Segment Start: INPUT DATA

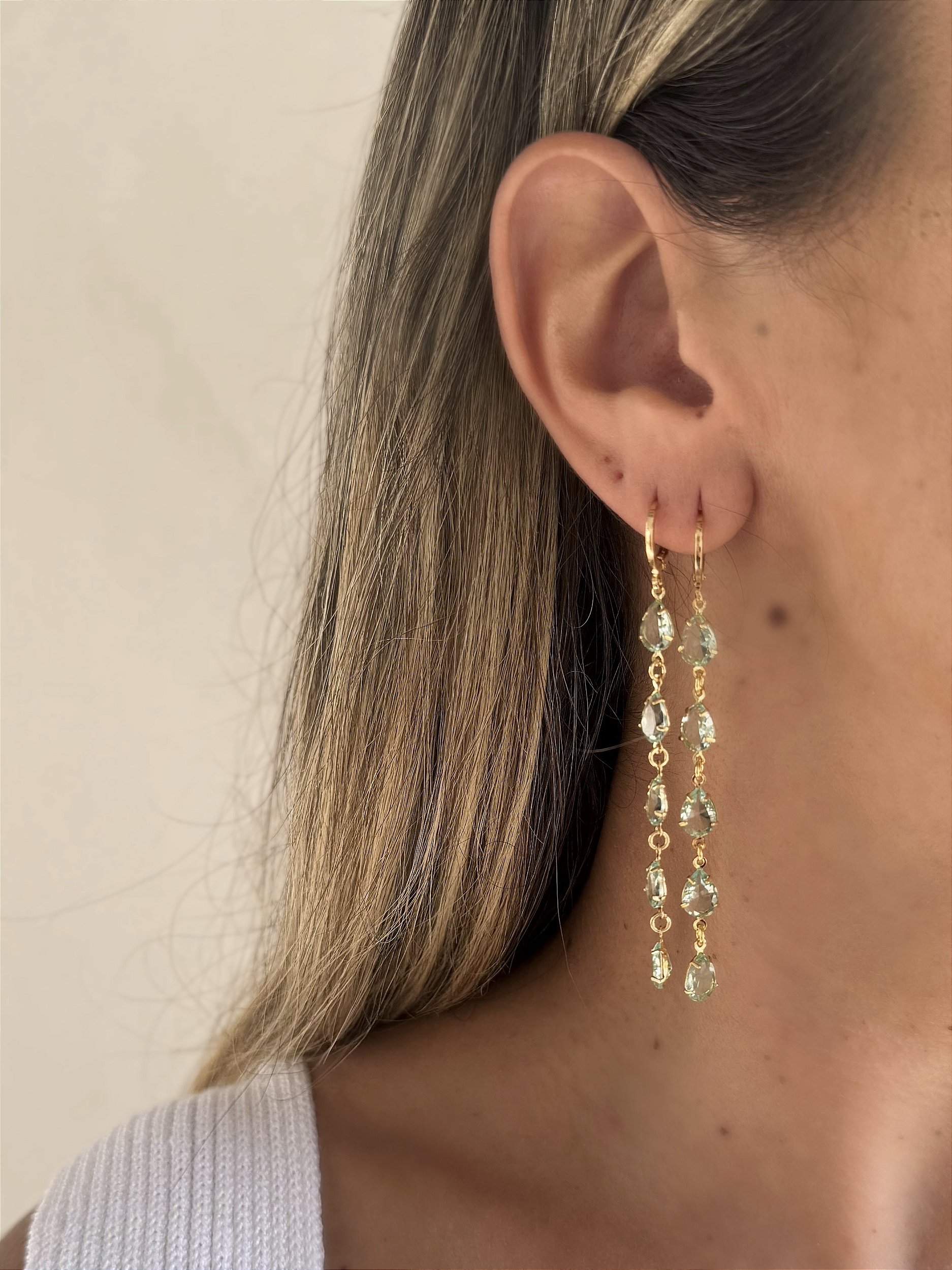 Elegante e delicado, esse brinco com pedras ovais lapidadas na cor verde translúcido possui um brilho sutil e sofisticado. Seu design alongado e fluido garante um toque de leveza e elegância natural, criando um movimento gracioso a cada movimento. Ideal para ocasiões especiais ou para acrescentar um toque refinado ao visual do dia a dia. Um acessório que combina com diferentes estilos, proporcionando sofisticação e um charme atemporal.
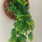 ต้นไม้เลื้อยปลอมประดิษฐ์ในตะกร้าหวายแขวนผนัง Artificial climbing plant in a wicker basket.
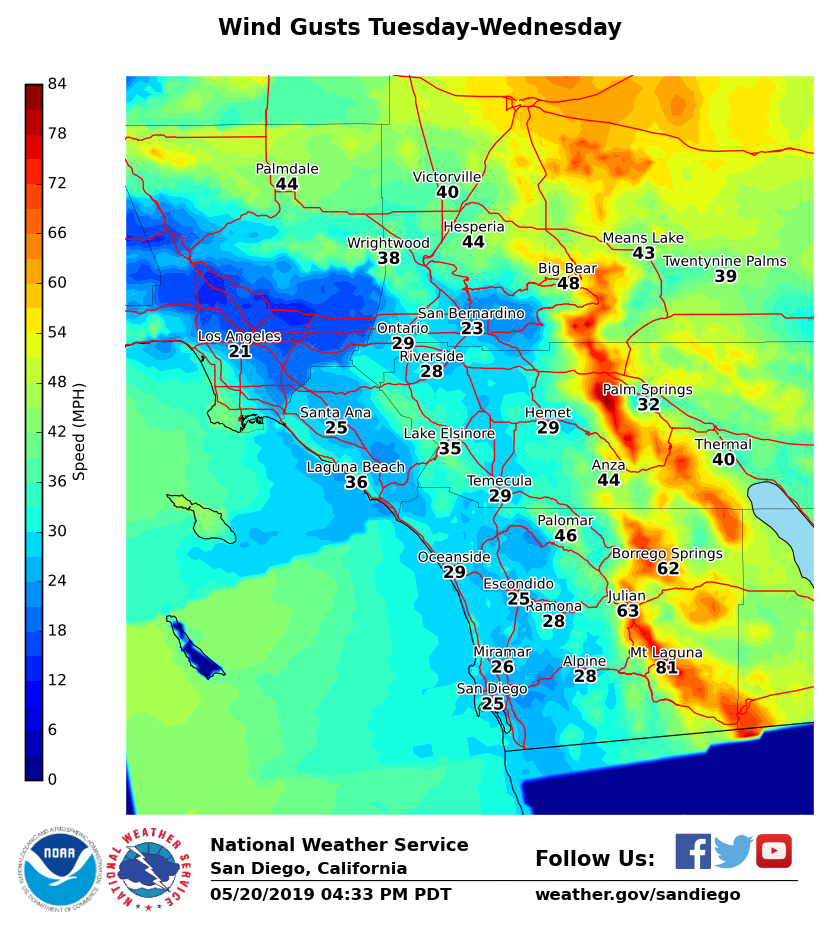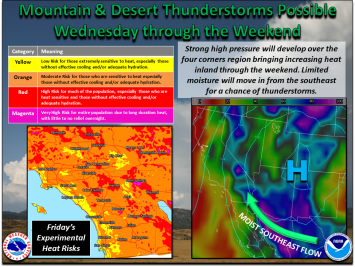 October 1, 2020 (San Diego’s East County) – A heat wave is forecast to continue through Friday, with temperatures 10 to 20 degrees above normal. The National Weather Service has issued an excessive heat warning through 8 p..m Friday
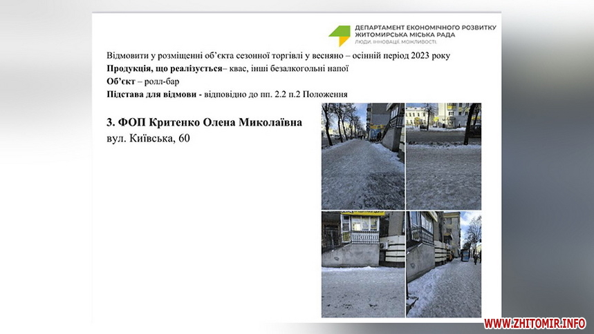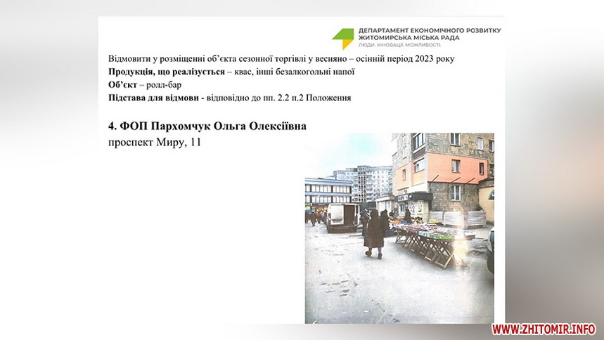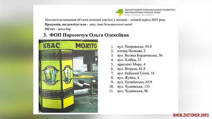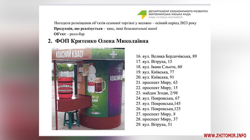 «Проєктом рішення пропонується погодити розміщення об'єктів сезонної торгівлі у весняно-осінній період. Це продаж квасу та інших безалкогольних напоїв. Перший – це ТОВ «Живий квас», всі адреси були погоджені в попередніх періодах. Другий – ФОП Критенко Олена Миколаївна, теж квас та інші безалкогольні напої, всі адреси були погоджені у попередніх періодах. ФОП Пархомчук Ольга Олексіївна – це ролл-бар, де продаватимуть квас та інші безалкогольні напої, тут є п'ять нових адрес, які теж погоджені комісією», – говорить директорка департаменту економічного розвитку Житомирської міської ради Вікторія Сичова.
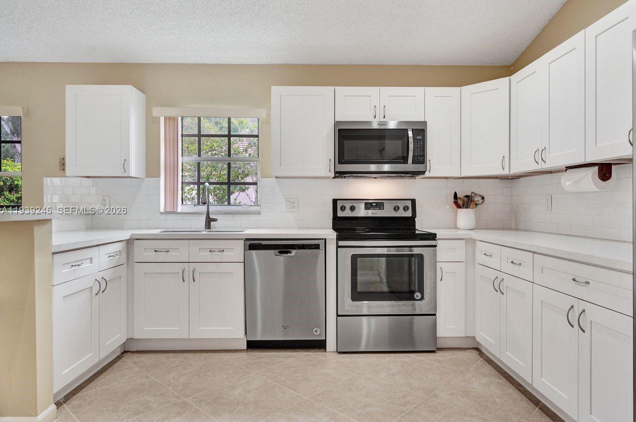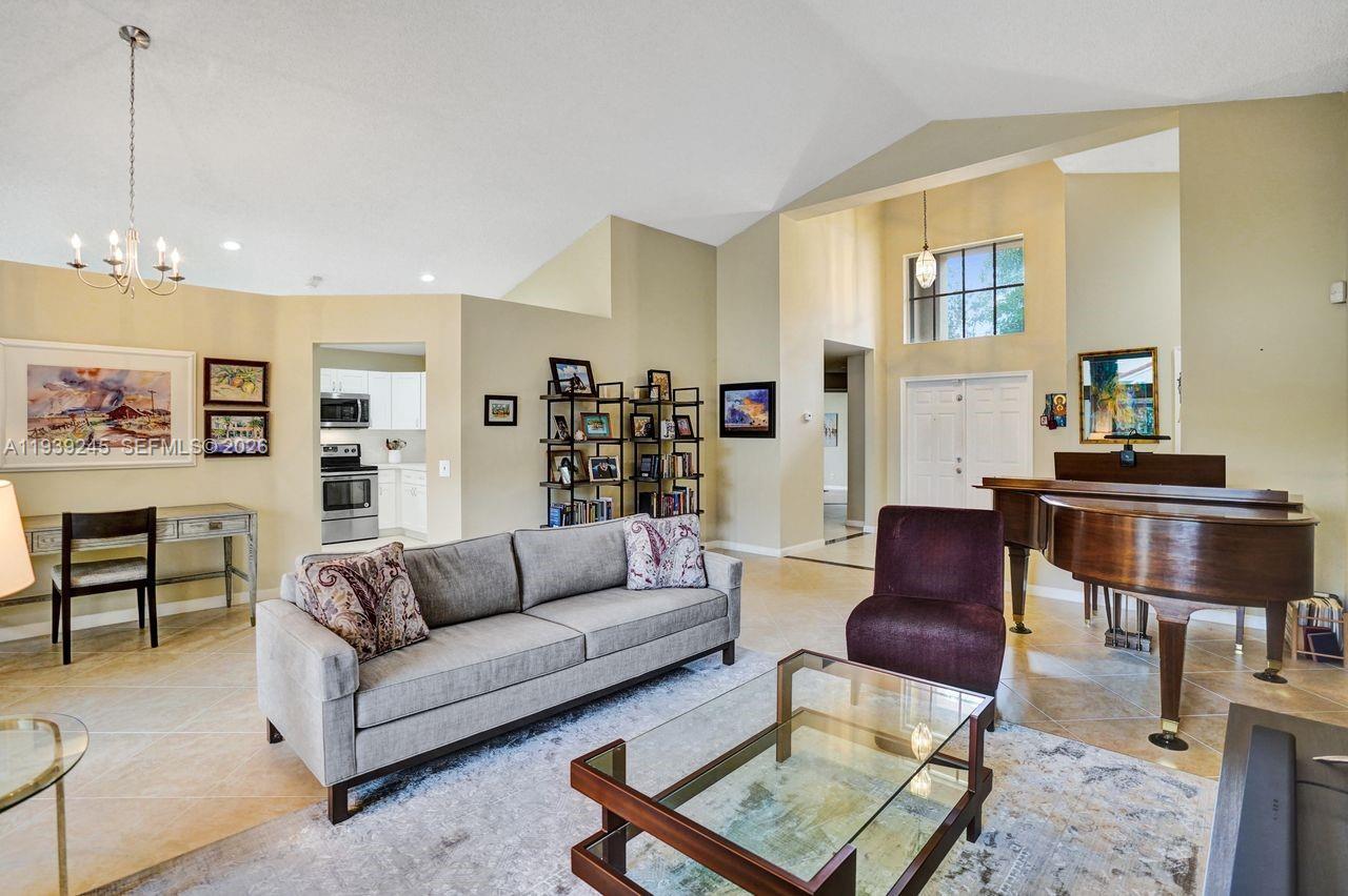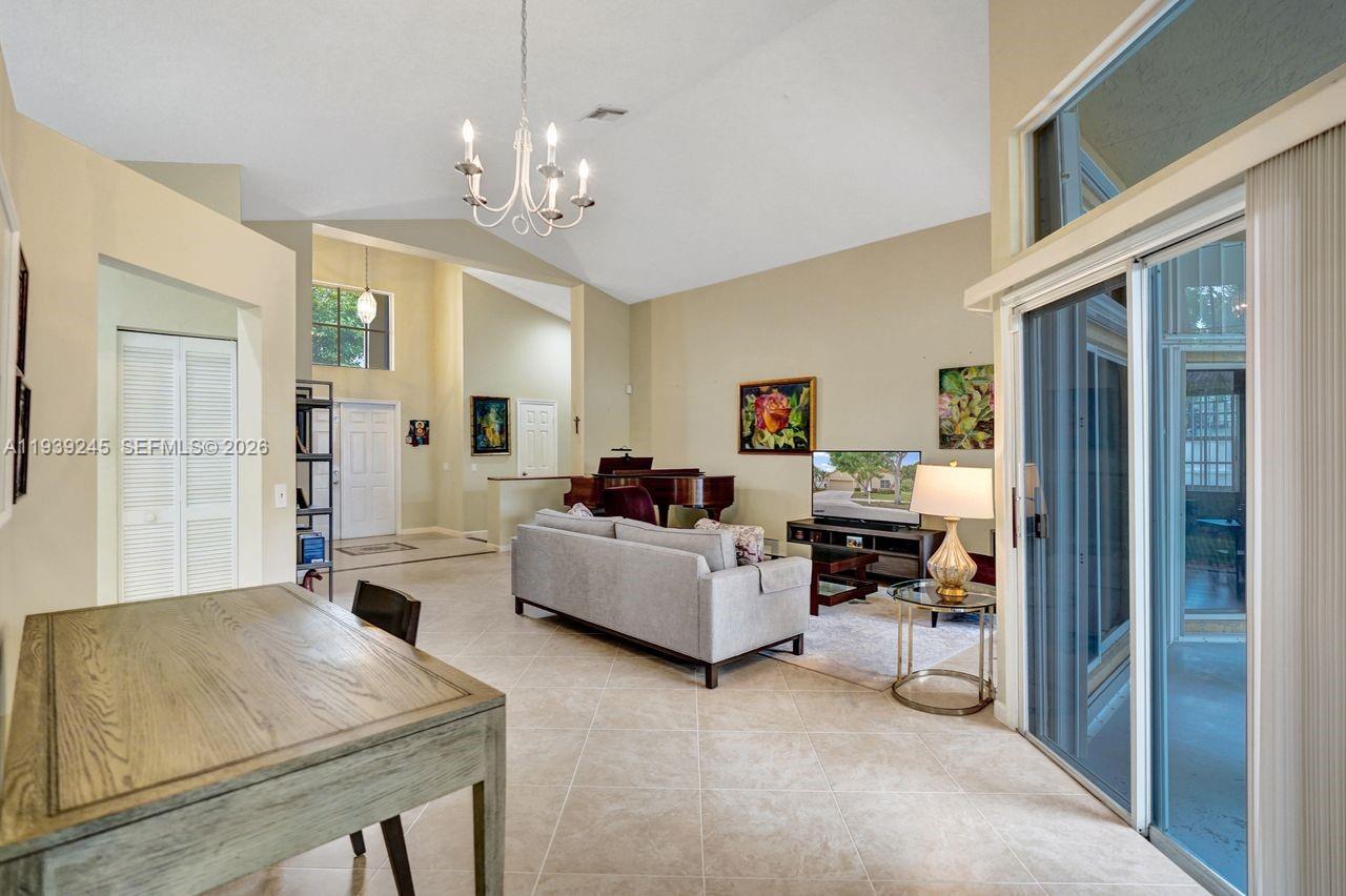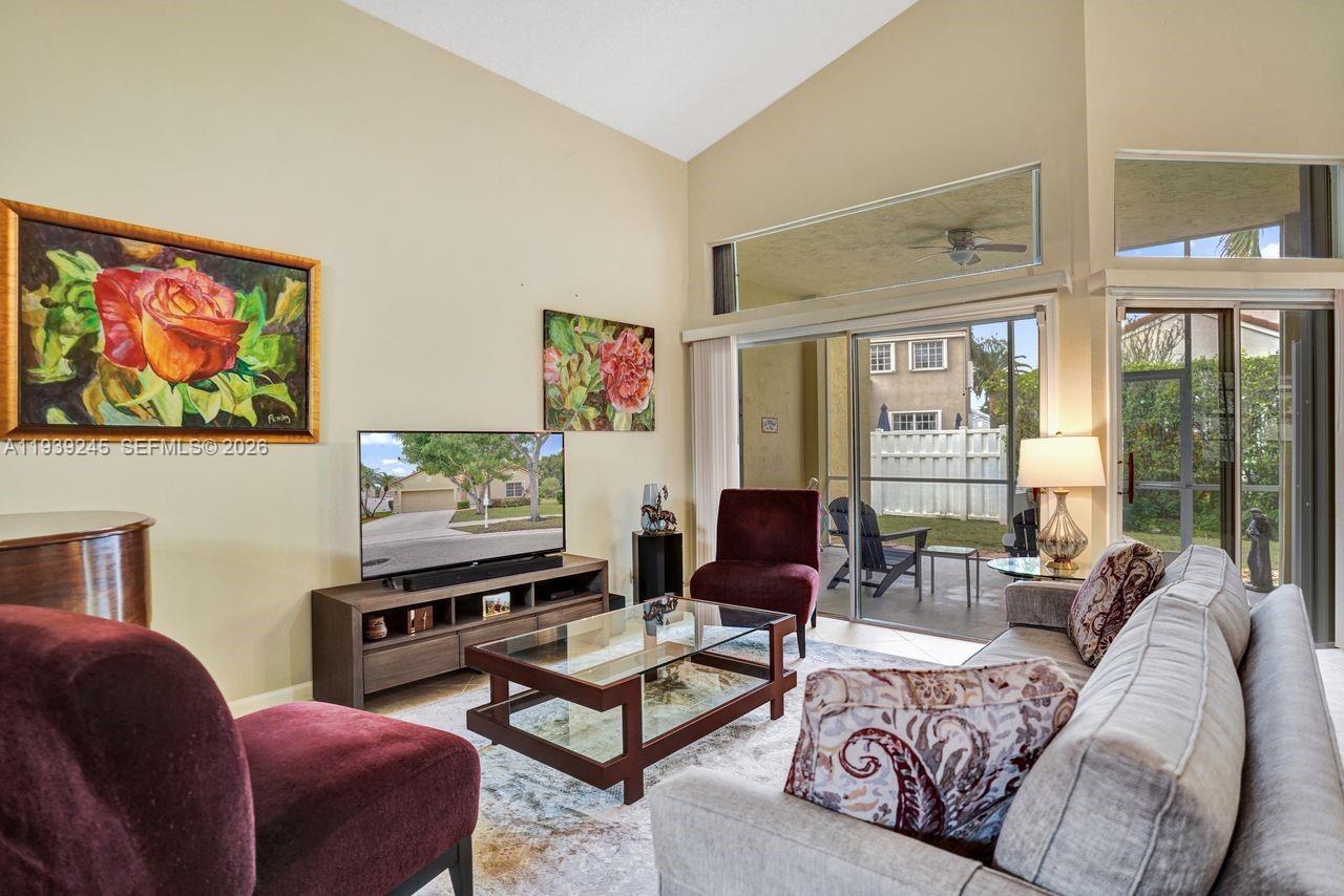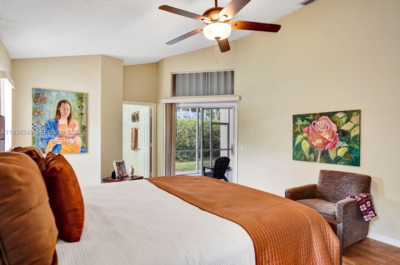 Gorgeous light and bright one story home in The Falls that makes you feel welcome with high cathedral ceilings. Home has 4 bedrooms and 2.5 baths with a nice open floor plan. Very nice kitchen with stainless steel appliances, white cabinets and light countertops. Neutral tile flooring in main areas and wood flooring in bedrooms. Private screened in patio to enjoy and relax.new roof and r-30 insulation. Accordion hurricane shutters.

Segment End: INPUT DATA

* ACTIVITY
If a picture appears among the records, leave it out, and otherwise reproduce exactly every line from the first line through the one with "October 1, 2020", both included.

* OUTPUT OF THE EXERCISE
 Elegante e delicado, esse brinco com pedras ovais lapidadas na cor verde translúcido possui um brilho sutil e sofisticado. Seu design alongado e fluido garante um toque de leveza e elegância natural, criando um movimento gracioso a cada movimento. Ideal para ocasiões especiais ou para acrescentar um toque refinado ao visual do dia a dia. Um acessório que combina com diferentes estilos, proporcionando sofisticação e um charme atemporal.
 ต้นไม้เลื้อยปลอมประดิษฐ์ในตะกร้าหวายแขวนผนัง Artificial climbing plant in a wicker basket.
 October 1, 2020 (San Diego’s East County) – A heat wave is forecast to continue through Friday, with temperatures 10 to 20 degrees above normal. The National Weather Service has issued an excessive heat warning through 8 p..m Friday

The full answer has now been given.